Oh my gosh, I know what I’m going to do.
This is a strange feeling. I have been suicidal for so long, I have fantasized and plotted and planned, but nothing was ever possible, there was always a reason for it to fail, always something that would cause me to dismiss it, something that would get in my way, some feeling that would hold me back, doubt, fear, perfectionism, it must be perfect, it must be incapable of failure, I must be incapable of failure.
It will be labeled as a copycat suicide. I don’t care. I know it’ll work now. I know it won’t fail. If it worked for her, it’ll work for me.
A girl in a nearby town was hit by a train a few weeks ago. Strange–I had never considered using that method. I’ve read about other doing it, I’ve considered how it would work, but I never imagined me doing it until after I heard about her. I never fantasized about laying myself down across the tracks until now.

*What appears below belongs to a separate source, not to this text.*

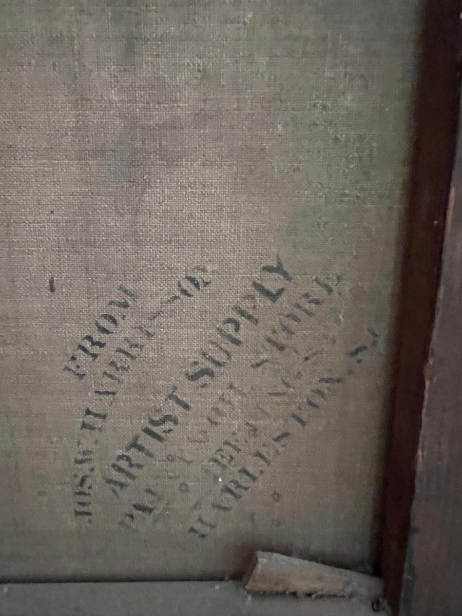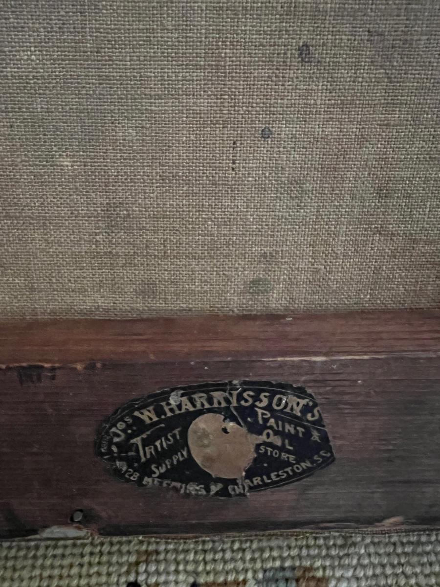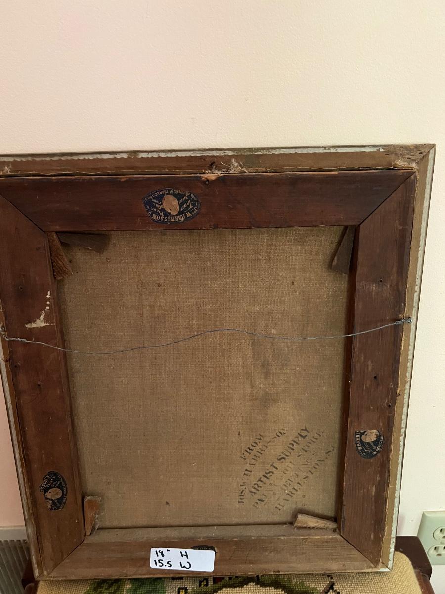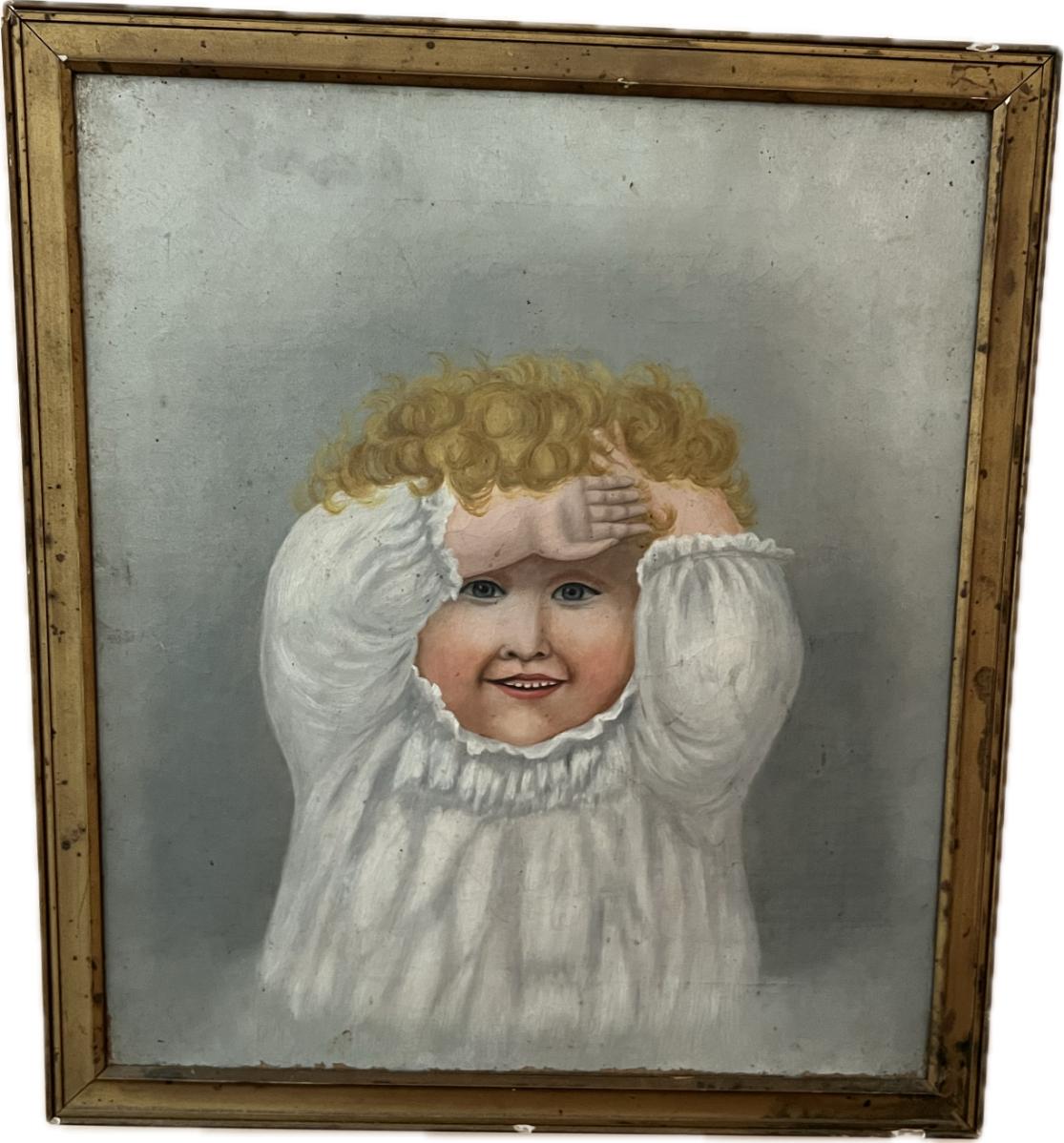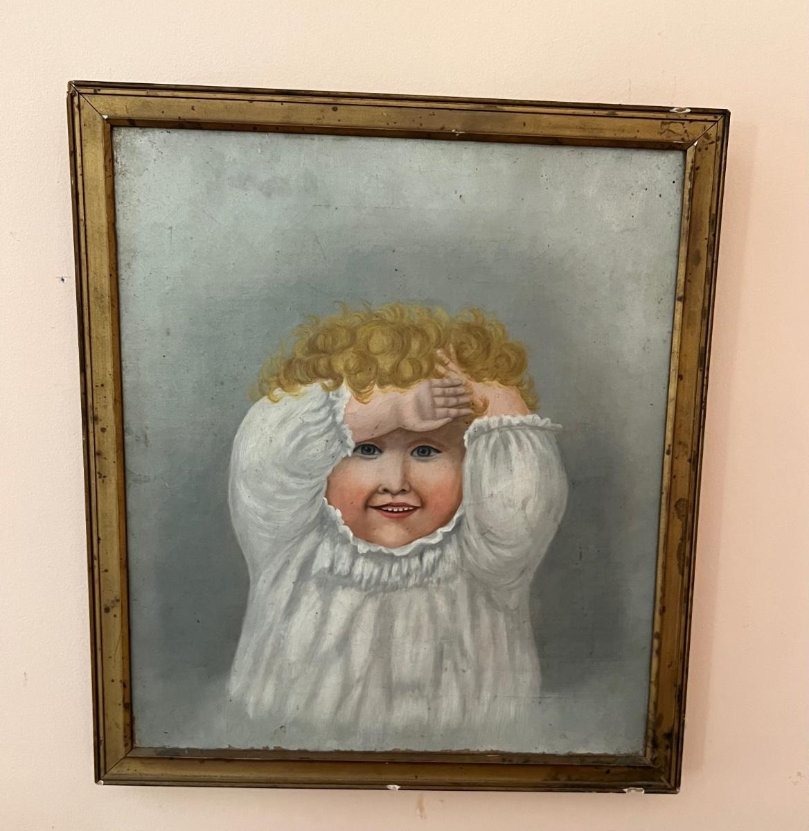 antique folk art female child painting, 18 x 15.5, charleston sc stamp on back

Ever since we moved into this house, I’ve been telling my mom that I hear trains pass by. She didn’t believe me–and for a while I didn’t believe me–but using a combination of resources, I pinned down the source of the sound, far enough for the sound to be faint but close enough to hear it, within driving distance, it’s perfect, it’s perfect.
I found the two stations it connects–I found the two stations on Amtrak. A train ride between them is only about 15 minutes, so I have a good time window of when I can expect them to come, this is so easy, why didn’t I think of this sooner?

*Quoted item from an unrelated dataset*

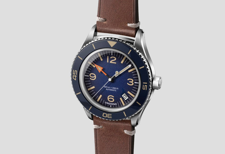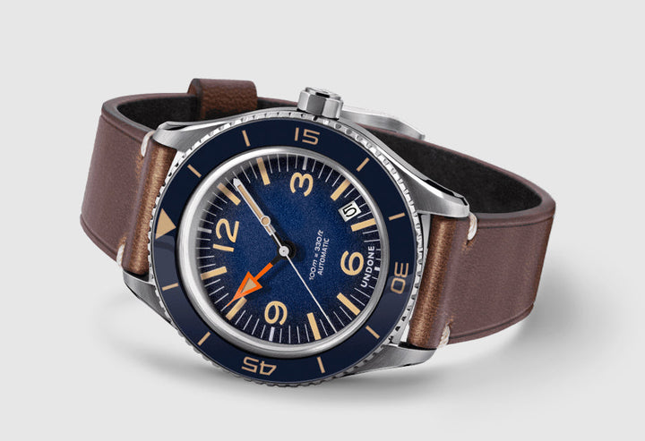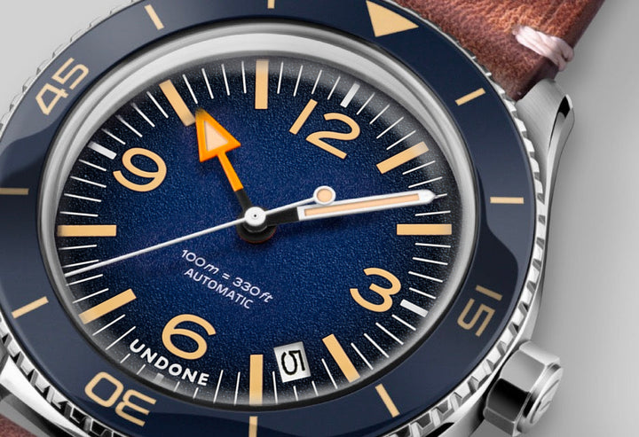A gutsy, good-looking tool watch that combines high-performance functionality with vintage aesthetics. Featuring an iconic orange hour hand, ultra-domed plexi crystal, blue graduated bezel and blue dial, this 40mm UNDONE Basecamp is designed with the style, comfort and durability for everyday wear. Yes, you may have found the best affordable automatic watch under 500 USD out there!

The best would be a Wednesday morning, Wednesday May 4th, I’ve decided, it’s perfect, why is this so perfect, why didn’t I consider this sooner? The northbound train departs at 7am, I can get to the intersection by then without even breaking my morning routine, this is so easy, no one will suspect a thing, my heart is pounding, this feels so real.

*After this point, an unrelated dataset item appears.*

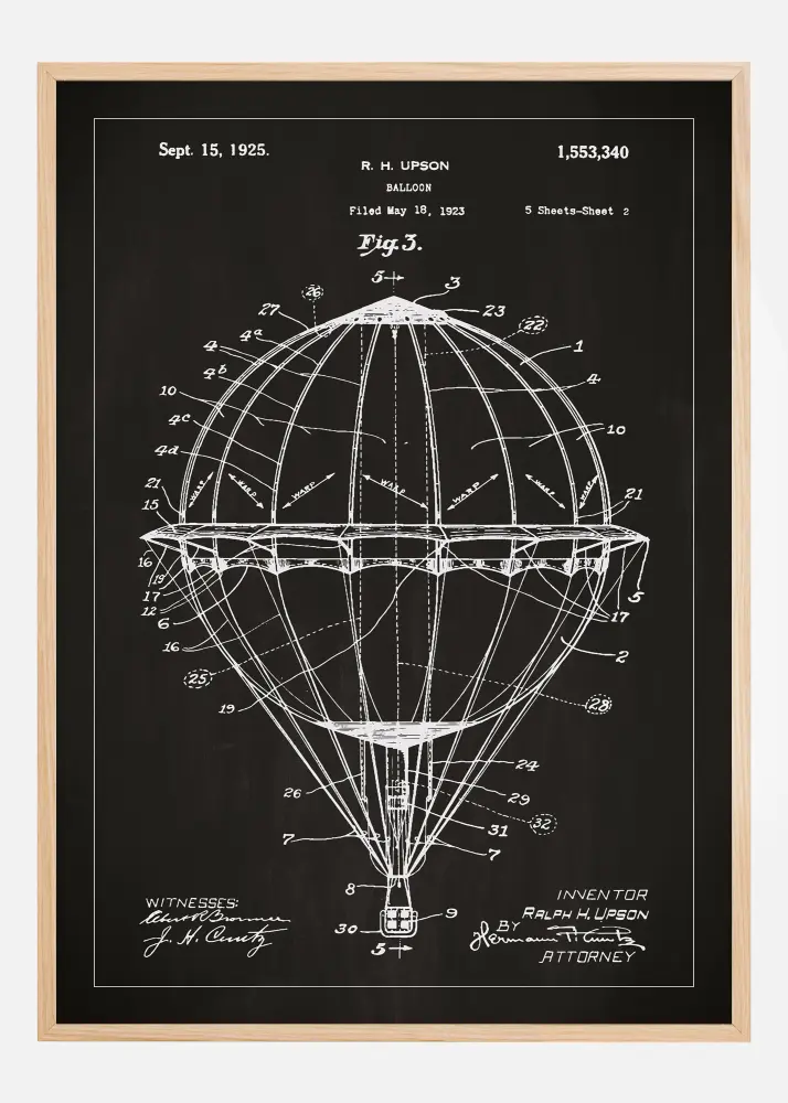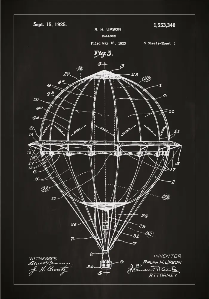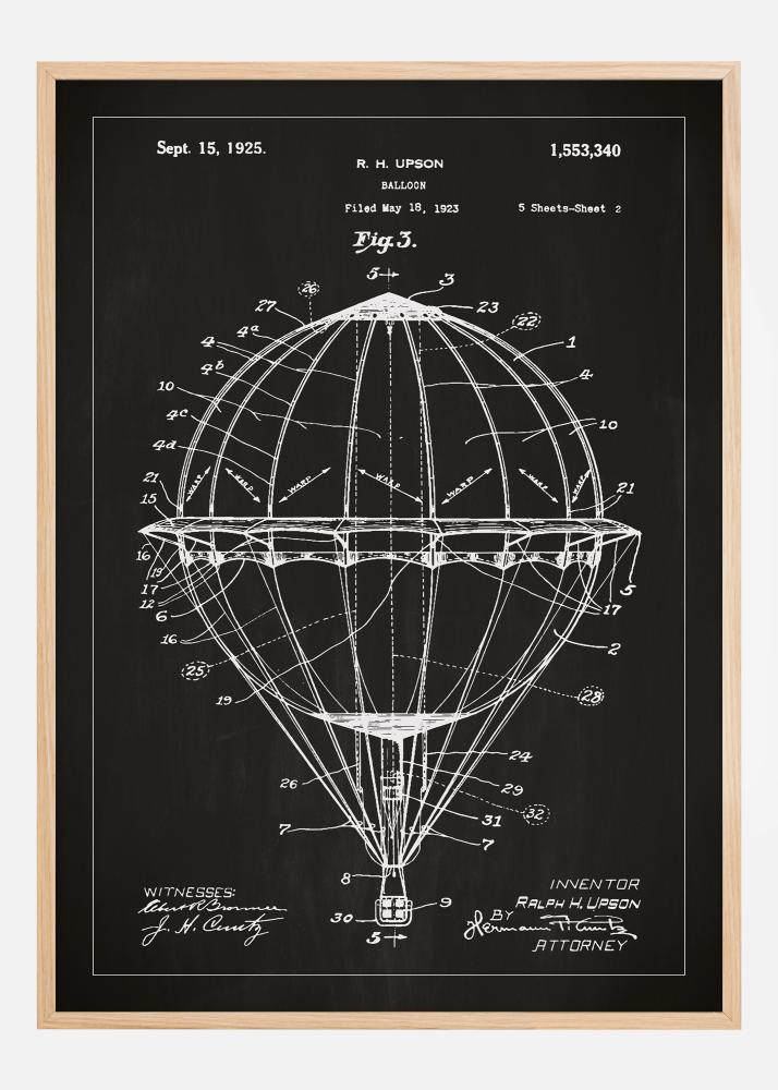Patenta rasējums - Gaisa balons - Melns Plakāts
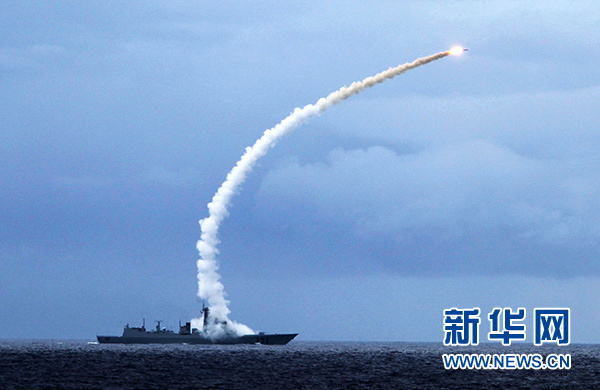 海口艦在實(shí)彈演習(xí)中發(fā)射艦空導(dǎo)彈攔截來(lái)襲目標(biāo)(2010年7月26日攝)。 新華社發(fā)

I want to vomit, this is so perfect, nothing has ever been this perfect, something will go wrong, but I don’t care, it’ll happen, I have to do it, I’ve held back for so long, let me try this once, just let me try once…and please, please, let this be my final try, please don’t let me back out, I’m so tired, exhausted, I want this to end, I hate everything.
2 comments
I wish you would stay on this earth.
But I know that is not what you desire.
So.. I’m hoping you will back out.. But who knows.
Can we talk?? Feelthesame9991@yahoo.com
I was taking photos of a friend in tunnel a couple years ago. An amtrak came and we ran the long way instead of the short way.. it freakin stopped for me. The tunnel isn’t that long!!! I’m surprised it stopped in time. It was so close. I’m so angry now..
It might be hard but good luck in whatever you decide. I would try to convince you not to do it but I know the feeling. I want to be gone soon as well.